Resource references: St Helena: One Man’s Island by Ian Baker – Bell Stone detail

COMMENTS

  • May 16, 2015

    Reblogged this on the5gigabytediet and commented:
    It’s always interesting to see a familiar walk from another point of view. Here is Great Stone Top as seen by Darrin and Sharon Henry. Their site is well worth a browse.

  • Patricia Williams

    February 21, 2015

    Another lovely read! I have been to Bellstone but not ventured out to stone Top yet, you have scared me now with the heights and that cliff edge!! 🙂 I might challenge that one day, thanks again.

  • Billy Leisegang

    February 4, 2015

    Hi Darrin, you will get over the acrophobia after many miles of hiking, I did, but still can’t stand near the edge of a cliff.
    My friends and I will watch the blog for future great entertainment, well done to you both.

  • Sandra crowie.

    January 20, 2015

    Great pictures Sharon and Darrin. well done to you both for sharing some amazing photos for our island! Keep up the good work and let me wish you the very best in all you do !

  • Valerie Wallbank

    January 18, 2015

    A great beginning to your blogging. I am really looking forward to my visit to your fascinating island at Easter but think I should be in training to cope with the challenging terrain! Heard about your adventure on SAMS Radio when my grandson interviewed you.

    • January 18, 2015

      Hi Valerie, thanks so much for your comment. Yes, bring your walking shoes/boots, there are plenty of walks, from the very easy to the not so easy! But great views on all. Hope you have a fab visit at Easter. I shall let your grandson know we are in touch! Cheers 🙂

  • January 17, 2015

    Fond memories of our trip years back to St Helena and its beautiful scenery. What a wonderful Island it is and must return some day when the airport is complete

    • January 18, 2015

      Not long now to wait. Nice to have you along with us on the blog. Thanks.

  • Phosphoros Carduus

    January 15, 2015

    Beautiful pictures… Keep on the good work… 🙂
    It would be great to post a detailed map so that we can physically follow your escapades…!

    • January 18, 2015

      Good idea, we’ll be working on something for a new post soon. Thanks 🙂

  • grainne

    January 14, 2015

    Hi Sharon & Darrin, really enjoying your blog and pictures from a grey and cold Dublin, Ireland. Best of luck with everything!! G x

    • January 18, 2015

      Hi Grainne, never mind, St Helena will be like that soon too.
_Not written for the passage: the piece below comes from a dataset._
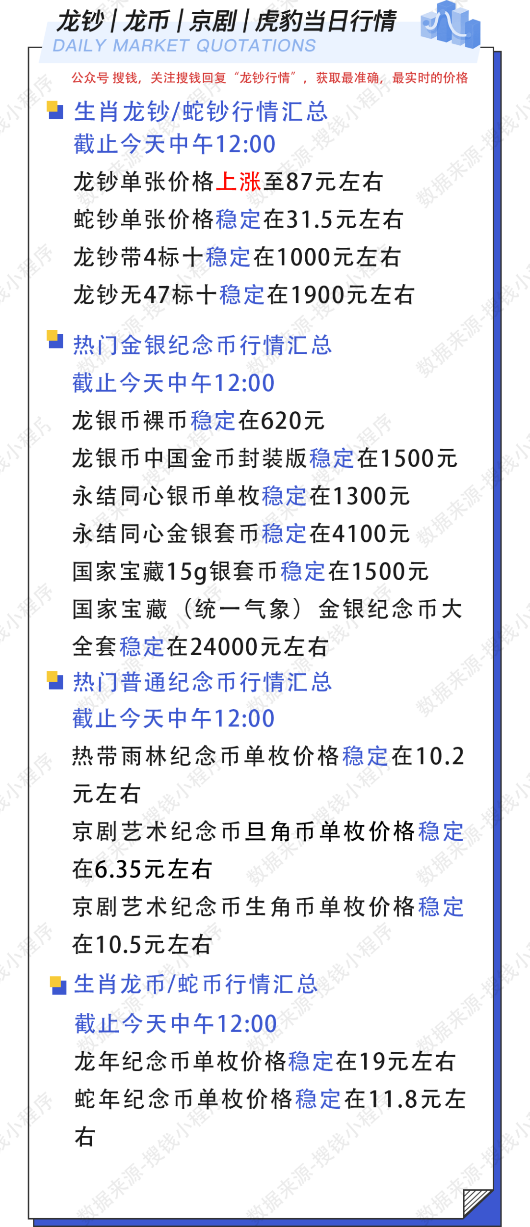 搜钱网是北京搜钱网络技术有限公司研发,致力于为钱币收藏爱好者打造了一个安全、便捷、专业的交流交易空间。用户可以通过微信小程序使用“搜钱”小程序 ,可向用户提供钱币藏品免费发布,智能估价、藏品人工在线鉴定、钱币百科,龙钞蛇钞配号等服务,通过技术与文化的深度融合,搜钱小程序以数据驱动、安全透明、用户共创为核心,重新定义生肖纪念钞的收藏与交易体验,助力每一位用户实现藏品价值的最大化释放。现注册用户超520万。

Plus we’ll have mud 🙂

  • Sam

    January 13, 2015

    Hi – do you have the name for the plant in the 8th photo down?

    • January 18, 2015

      Hi Sam, we emailed, but in case anyone else was wondering, it seems like this is the Crystalline Ice Plant.

  • Dot

    January 13, 2015

    I’m not one for heights so thanks for this, enjoyed viewing your ventures from my chair haha. Thank you

  • Shirley Greem

    January 13, 2015

    Thank you for a lovely read and fantastic pictures , we made it to little stone stop and have pictures. Eating fish cake sandwiches sitting g on top , the landscape has definitely changed around that area , dry gut fill looks amazing what an achievement. . Xx

    • January 17, 2015

      Shirley, we had cheese crackers and an apple at the top. Would have been much better with fish cakes! Agree with you, the fill does look amazing. So neat, eh!

  • Mark

    January 13, 2015

    Loved reading your post….good stuff!

    • January 13, 2015

      Thanks Mark, we want to be back at this post box when a plane is landing/taking off, one day!